Pardonnez-moi Nicolas, et tous les futurs intervenants...
Mais en tant qu'ancienne victime, sachez que c'est pour "nous" douloureux de vous voir en parler ainsi.
Ecoutez, pour essayer de comprendre la souffrance, d'accord. (Mais cela suscitera peu de paroles ou d'interventions...)
Ensuite, s'en inspirer pour faire ce qu'il faut afin d'éviter les cas futurs et d' y pallier, de savoir y répondre, oui.
Mais tout le reste est superflu. Il n'y a aucun risque pour vous ni pour l'Eglise : nous ne sommes en rien revanchards.
Le Christ (sous les apparences d'un ou de plusieurs contemporains) nous a violés.
Dieu a tous les droits : il a bien demandé à Abraham de tuer son fils ! (ma réflexion de l'époque pour le supporter).

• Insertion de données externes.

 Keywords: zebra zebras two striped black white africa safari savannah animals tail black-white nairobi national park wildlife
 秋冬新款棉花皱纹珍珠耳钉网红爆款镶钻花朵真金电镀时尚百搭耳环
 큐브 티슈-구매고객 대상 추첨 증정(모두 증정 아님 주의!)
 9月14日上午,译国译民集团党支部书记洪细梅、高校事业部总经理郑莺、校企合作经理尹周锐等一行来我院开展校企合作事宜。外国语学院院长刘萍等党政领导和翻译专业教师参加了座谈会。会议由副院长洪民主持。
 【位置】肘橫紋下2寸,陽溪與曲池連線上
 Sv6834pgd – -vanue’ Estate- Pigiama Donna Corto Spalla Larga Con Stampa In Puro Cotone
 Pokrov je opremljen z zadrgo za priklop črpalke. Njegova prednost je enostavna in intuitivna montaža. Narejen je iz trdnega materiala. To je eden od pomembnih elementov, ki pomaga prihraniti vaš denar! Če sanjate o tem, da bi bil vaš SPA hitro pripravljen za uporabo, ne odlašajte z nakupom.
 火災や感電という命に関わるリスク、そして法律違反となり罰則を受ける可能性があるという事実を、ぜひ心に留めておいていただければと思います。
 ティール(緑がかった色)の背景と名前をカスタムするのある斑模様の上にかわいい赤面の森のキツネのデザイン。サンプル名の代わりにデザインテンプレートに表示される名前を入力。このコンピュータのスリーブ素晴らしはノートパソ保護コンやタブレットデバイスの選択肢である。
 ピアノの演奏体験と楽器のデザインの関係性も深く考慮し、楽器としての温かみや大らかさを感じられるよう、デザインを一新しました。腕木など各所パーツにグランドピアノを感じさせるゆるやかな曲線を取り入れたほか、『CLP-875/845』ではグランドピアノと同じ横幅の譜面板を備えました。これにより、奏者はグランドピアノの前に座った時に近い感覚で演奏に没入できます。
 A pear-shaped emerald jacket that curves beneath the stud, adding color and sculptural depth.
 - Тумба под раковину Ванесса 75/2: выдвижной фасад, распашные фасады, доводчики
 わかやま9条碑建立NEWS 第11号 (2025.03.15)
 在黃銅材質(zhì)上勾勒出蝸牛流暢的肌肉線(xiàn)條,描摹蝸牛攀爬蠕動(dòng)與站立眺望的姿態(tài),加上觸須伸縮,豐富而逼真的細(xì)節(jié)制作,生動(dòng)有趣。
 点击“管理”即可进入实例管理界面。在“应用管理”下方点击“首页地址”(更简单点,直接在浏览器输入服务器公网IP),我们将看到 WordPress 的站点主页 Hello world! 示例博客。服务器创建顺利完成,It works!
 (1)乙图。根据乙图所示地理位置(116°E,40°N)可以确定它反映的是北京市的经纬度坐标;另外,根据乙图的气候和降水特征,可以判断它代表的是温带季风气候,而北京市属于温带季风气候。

La différence, c'est que là, il n'a pas arrêté le bras, l'horreur du péché qu'il peut transformer est allée au maximum !
Alors on attend la suite, et il ne peut pas y en avoir ici-bas, jamais, c'est irréparable et ne peut l'être que dans l'au-delà. Ce n'est pas comme pour Job...!
L'autre solutions à cette absurdité intolérable, ce sommet d'iniquité : perdre la foi ! (ou se suicider...)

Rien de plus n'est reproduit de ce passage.